Происхождение у летчика - аристократическое, образование неполное высшее: с
1919 по 1921 год учился на архитектурном отделении Школы изящных искусств,
но до окончания вуза добровольно ушел в армию, где получил специальность
летчика. После демобилизации в 1923 году впал в нужду и неприкаянность:
служил на черепичном заводе, тянул лямку агента по продаже автомобилей, в
1926 году по великому блату поступил в авиационную компанию для работы
летчиком на почтовых линиях. Многие эпизоды из его и товарищей по профессии
жизней отражены в рассказах и романах. Недаром первый опубликованный рассказ
назывался "Летчик" - то была проба пера, да и, чего греха таить, жест
благодарности хозяевам, принявшим бедолагу на работу. В том рассказе было
много лака и патоки, позы и жеста, но были и творческие находки, разглядев
которые умный человек мог почувствовать факт рождения нового мастера.
ВФП, как говорится, под занавес жизни написал свою последнюю книгу под
названием "Маленький принц". Еще одно важное литературное произведение он
толком не успел закончить. "Маленький принц" - детская сказка, но в ней
говорилось многое и для взрослых. Она была закончена и выдохнута в
бескрайние просторы литературы в 1943 году. От первого романа - "Южный
почтовый", вышедшего в 1929 году, до финальной сказки протянулись почти
четырнадцать лет - срок немалый. И пришлись те годы на период восхождения к
вершинам человеческой и писательской зрелости - плодотворный период жизни,
богатый интересными и поучительными событиями. Из этой копилки выбраны
творческие бриллианты, оттеняющие своим блеском, прежде всего, простую, но
мудрую фабулу, и доступный практически для любого человечьего понимания язык
повествования. Много мудрых сентенций, определяющих бытие свободного,
независимого человека, каким только и может (должен) быть ребенок, было
подарено книгой читателю. В одном строю с впечатлительным ребенком может
стоять и тот взрослый, который осознает, что по воле Божьей появился на свет
и выполняет Господом предписанную миссию. "И Он пас их в чистоте сердца
своего, и руками мудрыми водил их" (Псалом 78: 2).
Нет сомнения, что ко времени написания "Маленького принца" (Le petit
prince) литератор-творец перешагнул Рубикон (Rubiconis). А перемахнув через
свою реку творческих запретов, он наполнил душу особой мудростью и
святостью, сродни лишь поэтам. И, как некогда Юлий Цезарь, форсировавший с
войском, вопреки запрещению сената, знаменитую пограничную реку, впадающую в
Адриатическое море, он мог воскликнуть: "Alea jacta est!" - Жребий брошен!
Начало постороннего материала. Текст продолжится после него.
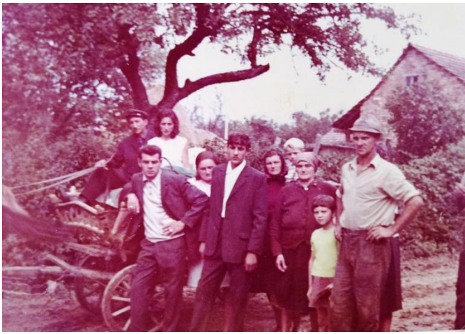
Slika 7: Način odijevanja
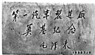
毛泽东为第一汽车制造厂题词的奠基石

在旧中国，公路上跑的汽车没有一辆是我国自己制造的。连修理汽车的零件，也从外国进口。中国人渴望有自己的汽车制造厂，生产出自己的汽车。1956年，一座宏伟的汽车城——第一汽车制造厂，在长春近郊建立起来了。
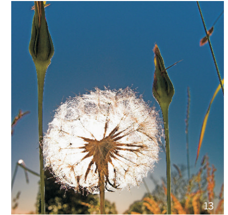
Wiesen-Bocksbart in der Samenreife
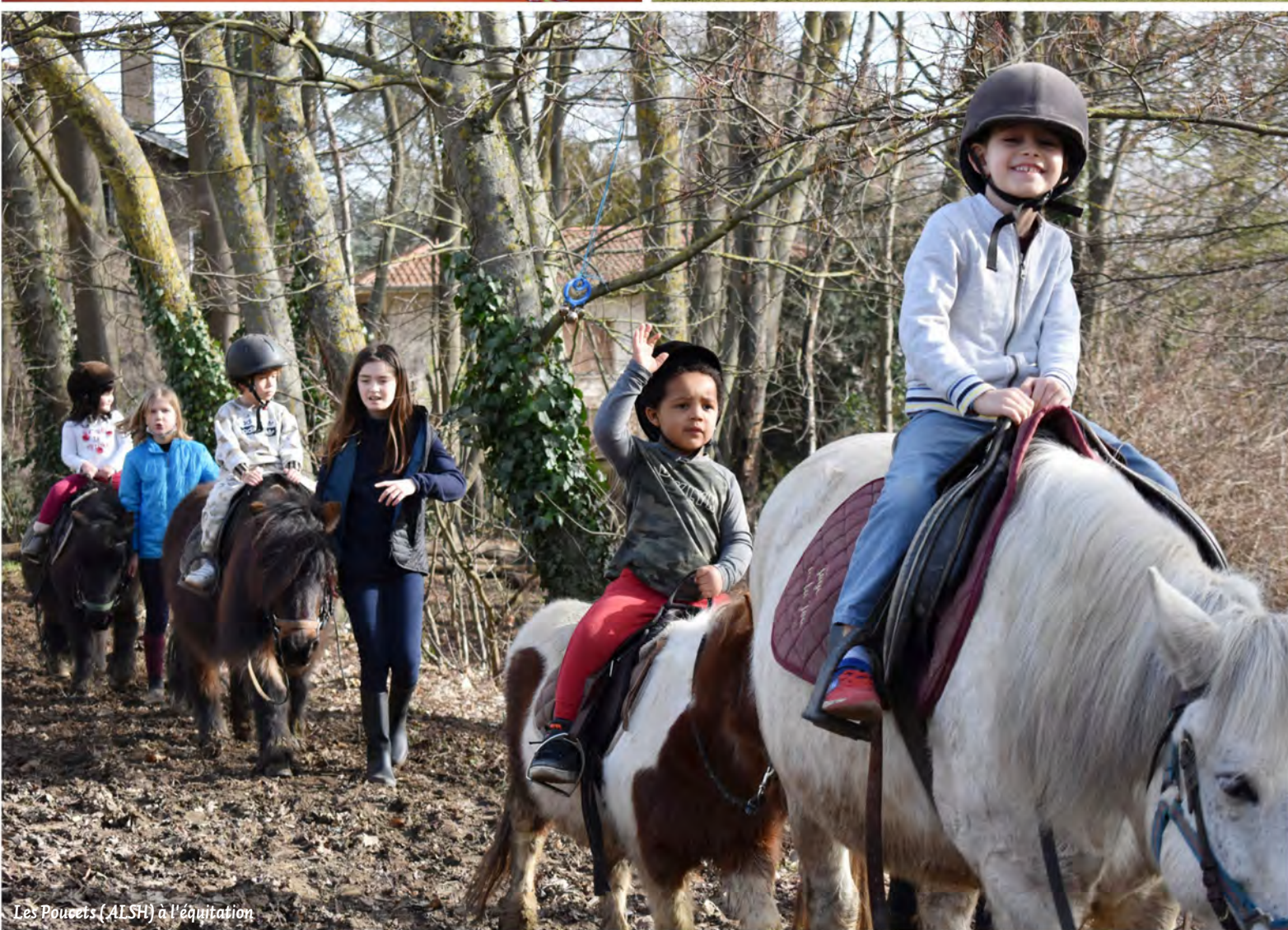
Les Poucets (ALSH) à l'équitation
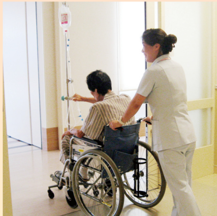
車椅子で患者さんを送迎
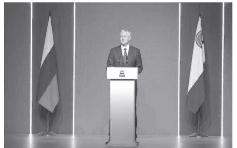
Губернатор Камчатского края Владимир Солодов

По его словам, в крае действует 30 региональных и муниципальных мер поддержки для участников СВО и членов их семей. Уже с 2025-го года участникам специальной военной операции и членам их семей планируется предоставить более 230 земельных участков. При этом глава региона предло-
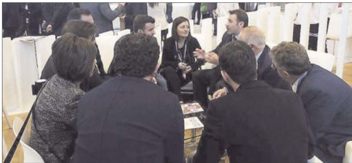
Momento de una reunión entre políticos de la comarca y representantes de la Diputación de Alicante

como el de los Reyes Magos, los parques temáticos y la variada y rica oferta gastronómica.
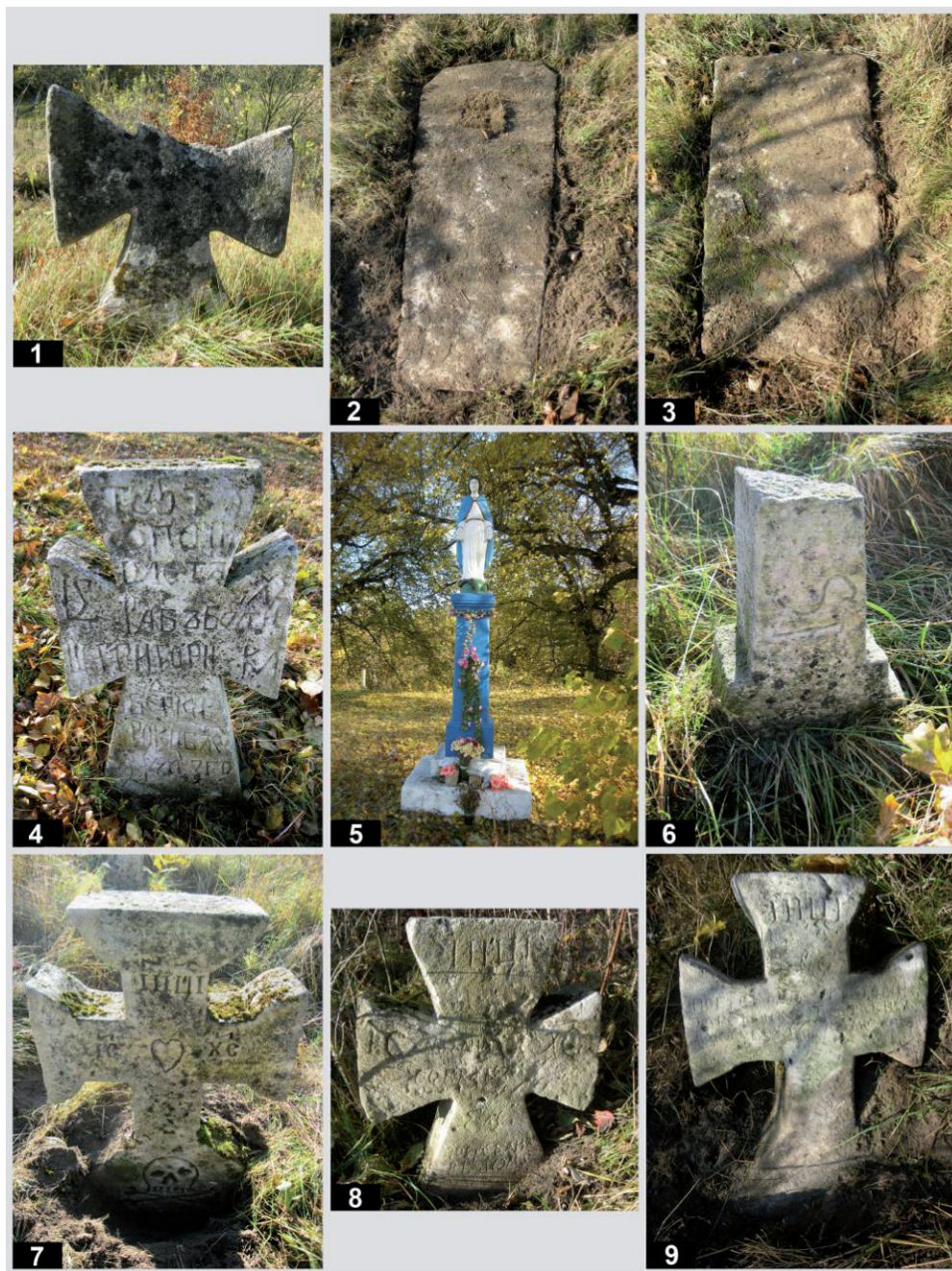
Рис. 8. Старий цвинтар у с. Підгірці. Кам'яні пам'ятники: 1 – пам. № 54; 2 – пам. № 55; 3 – пам. № 56; 4 – пам. № 57; 5 – пам. № 58; 6 – пам. № 60; 7 – пам. № 61; 8 – пам. № 62; 9 – пам. № 63.
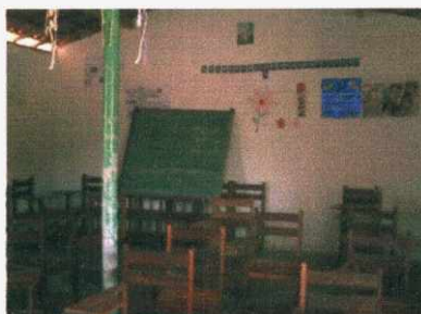
Figura 08: Escola no assentamento Pajeuna
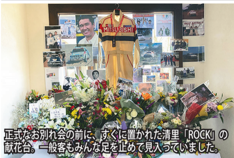
正式なお別れ会の前に、すぐに置かれた清里「ROCK」の献花台。一般客もみんな足を止めて見入っていました。

NETWORK NETWORK NETWORK NETWORK NETWORK NETWORK NETWORK NETWORK NETWORK NETWORK
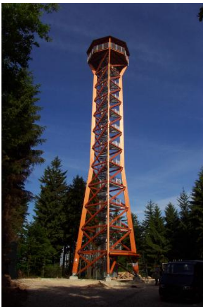
Telttschik-Turm bei Wilhelmshorn

Im Odenwald bieten sich besonders am Rand zum Oberrheingraben, aber beispielsweise auch auf dem Vulkanberg Katzenbuckel oder hoch über dem tief eingeschnittenen Neckartal interessante Aussichten.
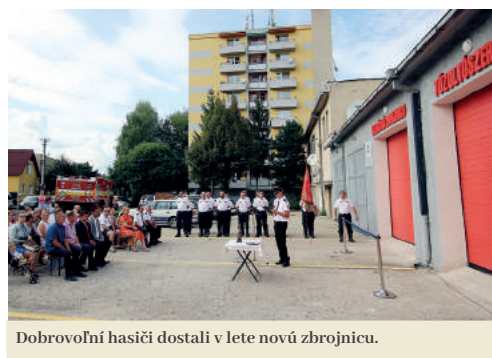
Dobrovoľní hasiči dostali v lete novú zbrojnicu.
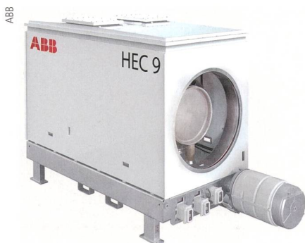
Kurzschlussströme bis 250 kA hält der Generatorleistungsschalter HEC 9-250 XL aus.

Generatorleistungsschalter von ABB sind seit über vier Jahrzehnten in Koziencice in Betrieb. Die ersten in Koziencice eingesetzten Schalter stammten noch von Brown Boveri & Cie. (BBC) aus den 1970er-Jahren. Der HEC 9-250 XL mit Nennströmen von 33,5 kA und Kurzschlussströmen von 250 kA wird durch ABB in Zürich gefertigt. Seit seiner Einführung im Jahr 2012 ist er der unübertroffen leistungsstärkste Generatorleistungsschalter weltweit. Er hat einen geringen Wartungsbedarf bei höchsten Sicherheits- und Zuverlässigkeitsstandards und erfüllt alle Anforderungen der heutigen Kraftwerke bis zu 1,8 GW. No
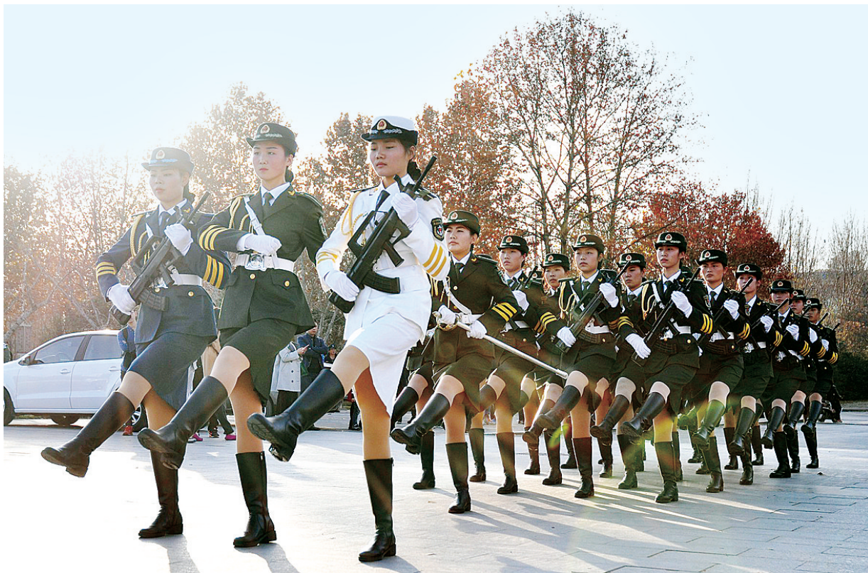
女子国旗护卫队正在进行升国旗前最后一次训练

走过7个多月的挥汗如雨,历经两百多天的魔鬼式训练,12月5日清晨,郑州大学国旗护卫队女子方队终于踏上护卫国旗的道路,进行第一次升旗,接受着全校师生的检阅和仪式的洗礼,五星广场前,升旗台旁,一抹亮丽橄榄绿让人惊艳。
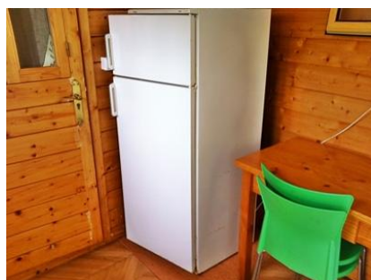
Vue de la cuisine
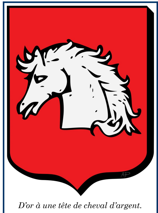
D'or à une tête de cheval d'argent.

La troisesme est un extraict tiré de la Chambre des Comtes de Bretagne, dans lequel est marqué au premier rang des nobles de l'evesché de Leon, lors de la refformation en faite, sous le raport de la parroisse de S t -Fregan, en l'an 1443, le sires de Penmarch.
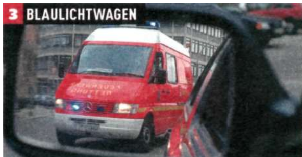
3 BLAULICHTWAGEN Blaulicht im Nacken: Um die geforderte „freie Bahn“ zu schaffen, darf selbst eine rote Ampel vorsichtig passiert werden
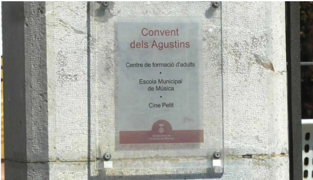
Convento de los agustinos comentario 3
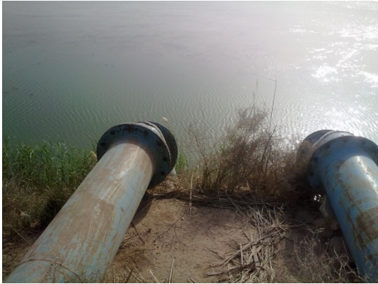
De pijpleidingen van de pomp naar de Eufraat
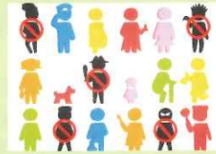
佳作 穴井 望恵花さん(高3 香川県)
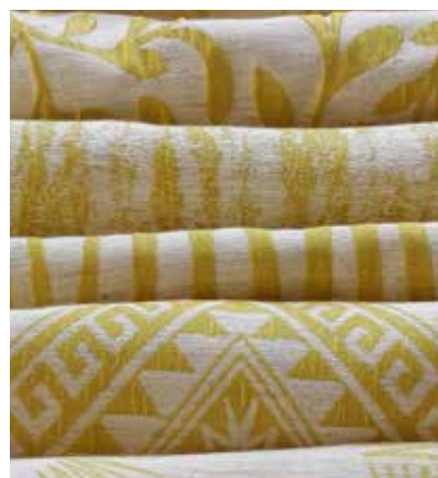
TEJIDOS LUBIANA UG 1316 Poliéster 92% - Lino 8% Ancho CM 280 Más información >>
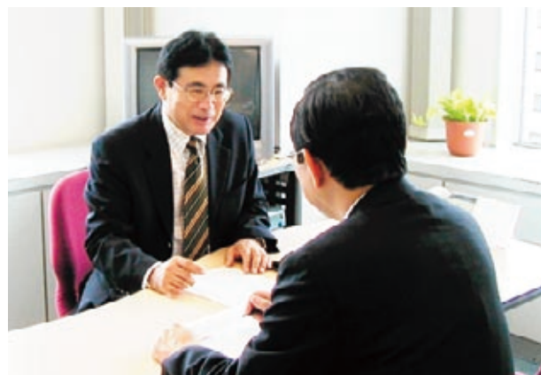
UIターンサポートセンターによる就職支援

○首都圏等の人材紹介会社と連携し、高度な専門技術を有する人材の誘致を促進します。 ○県内外の大学等と連携し、新卒者等の県内企業への就職を促進します。 ○UIターン相談の拡充を図り、本県出身者等のUIターンを促進します。
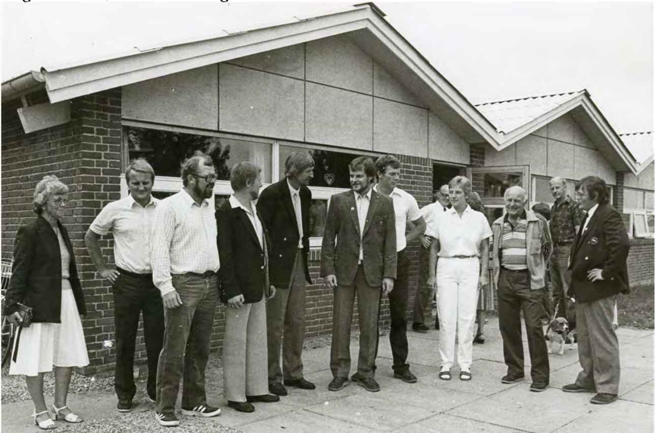
Nyt klubhus, ved indvielsen 1983

Klubhuset var dog ikke helt færdig, lidt manglede, da det var "tyndet ud" i af rækken af hjælpere, og derfor blev den officielle indvielse først foretaget i august 1983, da alt endelig var klar.
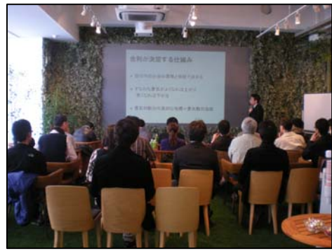
<セミナー開催イメージ>
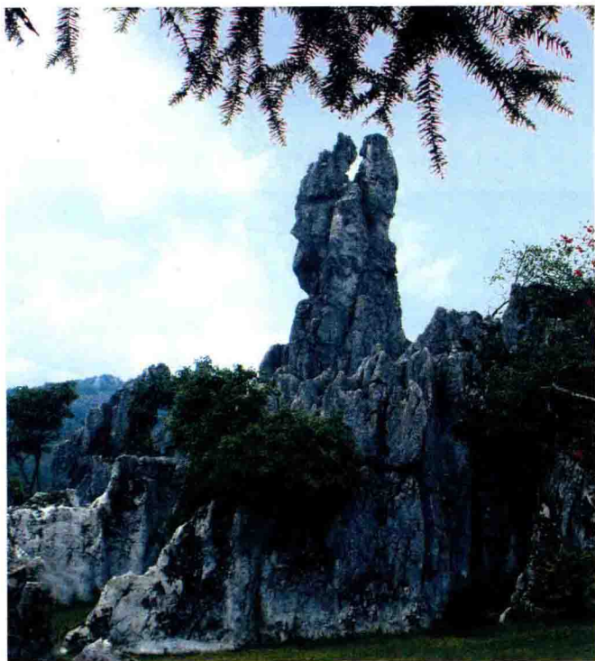
华蓥山七十二怪之「千年一吻」

Но тогда Цезарь развязал гражданскую войну, в результате которой овладел
Римом и превратился всего лишь в разумного сатрапа. Теперь писатель-летчик
воспарил на высоту мировой литературной славы - он завоевал свой вечный,
творческий Рим.
Поэт является существом особым, о том предупреждал другой уникальный
французский писатель Жан Поль Сартр: "Поэт - вне языка, он видит изнанку
слов". А далее идет уточнение Сартра - знатока поэтических дел: "Поэт творит
миф, заключенный в особом микрокосме". Как не печально, но так предусмотрено
Богом, роман-сказка заканчивается также, как закончилась жизнь самого
писателя: "Здесь Маленький принц впервые появился на Земле, а потом исчез".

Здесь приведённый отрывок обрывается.